Do You Want My Opinion or Not?

Any restaurant owner worth his/her salt will tell you that weighing customer comments can be the difference between packed houses and closed doors. If the hostess hears critique from exiting dinners, it is her duty to pass it along to the owner. I once worked for a great friend who owned a sports retail business and his biggest emphasis to his employees was the amount of focus placed on the customers. He would regularly consider the layout of his store in figuring out how to make shopping easier. He even restructured his pricing if his customers mentioned better deals elsewhere. If you want your business to succeed, you had better pay close attention to your customers. This is why the survey has been an indelible tool in shaping America’s capitalistic landscape.

But do you want my opinion or not? Recently, I’ve observed questionable tactics by the employees of a few major corporations when asking customers to take surveys.

These businesses are Taco Bell and Old Navy.

Last month, after she totaled my order, a Taco Bell employee attempted to persuade me to give her store’s location all perfect scores on a survey which could be found at the website printed on the back of my receipt. Her exact words were, “We need all 5s”. Puzzled and shocked I nodded my head and proceeded to the end of the counter, picked up my food, and sat down to eat. Not long into my meal, the same employee made rounds through the dining room reminding customers to take the survey and to rate the store, “all 5s”.

When she came to my table, she recited her lines and began to quickly move on, assuming I’d agree. But I put down my taco and asked her if she was more interested in my honest opinion or in getting all 5s.

She stood speechless.

After stammering for a few seconds, she reiterated the survey instructions as if I had misunderstood her before. Seeing that she misunderstood me, I thanked her for her attentive service and she walked to the next table to beg for perfect scores.

Just today, while doing my final stint of Christmas shopping, an Old Navy associate tried to pull the same shtick but with a subtle word change. Rather than say that her store ‘needed all 5s’, she nicely but rapidly explained that ‘they strive for all 9s and 10s’ on the survey that ‘I had been included in for shopping with them today’.

Firstly, please don’t treat me as if I have won the prize of taking part in a survey. While I appreciate the avenue through which I may communicate to your corporate office the details of my yule-tide experience, attempting to trick me into feeling that this opportunity is some free bonus is belittling.
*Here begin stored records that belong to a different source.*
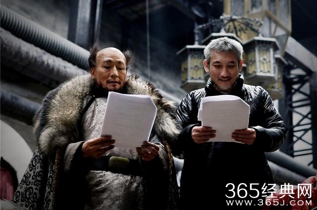 徐克和梁家辉在对剧本,看起来相谈甚欢。
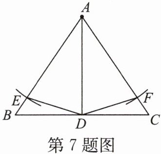 7. (2023·苏州中考)如图,在$\triangle ABC$中,$AB = AC$,$AD为\triangle ABC$的角平分线,以点$A$为圆心、$AD$长为半径画弧,与$AB$,$AC分别交于点E$,$F$,连接$DE$,$DF$。
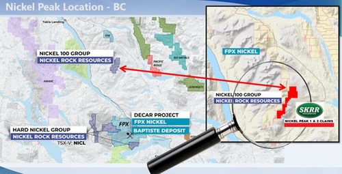 VANCOUVER, BC, June 7, 2022 /CNW/ - SKRR Exploration Inc. ("SKRR" or the "Company") (TSXV: SKRR) (OTC: SKKRF) (FSE: B04Q) is pleased to announce it has entered into a non-arm's length share purchase agreement dated June 6, 2022 (the "Share Purchase Agreement") to acquire all of the issued and outstanding shares of 1364991 B.C. Ltd., which owns a 100% interest in the Nickel Peak 1 and Nickel Peak 2 claim blocks (the "Nickel Peak Group") located north of the Decar Nickel project of FPX Nickel Corp. (TSXV: FPX), an advanced project targeting awaruite, a nickel-iron alloy mineral, hosted by serpentinized ultramafic intrusive rocks of the Trembleur ultramafic unit.

Secondly, by rewording the tired message of all high marks, Old Navy must believe me to be out of tune with reality, have a short attention span, or possess a lower Intelligence Quotient than their Performance Fleece sweatshirts as to not fully comprehend I’ve just been asked to forgo my true thoughts/feelings and blindly obey their suggestion. By saying the numbers 9 and 10, Old Navy is banking that I’ll mark them as such…subliminal messaging…on my survey.

If Old Navy wishes to regain esteem in my eyes, they will simply make each customer aware of the survey while making very clear that they want the customer’s real impressions of his/her shopping experience. After all, what good is all 9s and 10s if the scores aren’t earned.

I’m not in such a benevolent mood with Taco Bell because I’ve heard their exact pitch for a few years now. Obviously, Taco Bell thinks it’s customers are too distracted with their hunger or the pretty, colorful window displays to realize they’ve just been told to lie on a survey.

And the lure of winning 5,000 dollars for taking the survey? I’m not buying it. It may be that you’re only entered in the cash drawing if you give ‘all 5s’. If this is the case, then you receive a double helping of shame to you this Christmas, Taco Bell, Inc!

You don’t want me to fill out a survey now, Taco Bell and Old Navy. Trust me!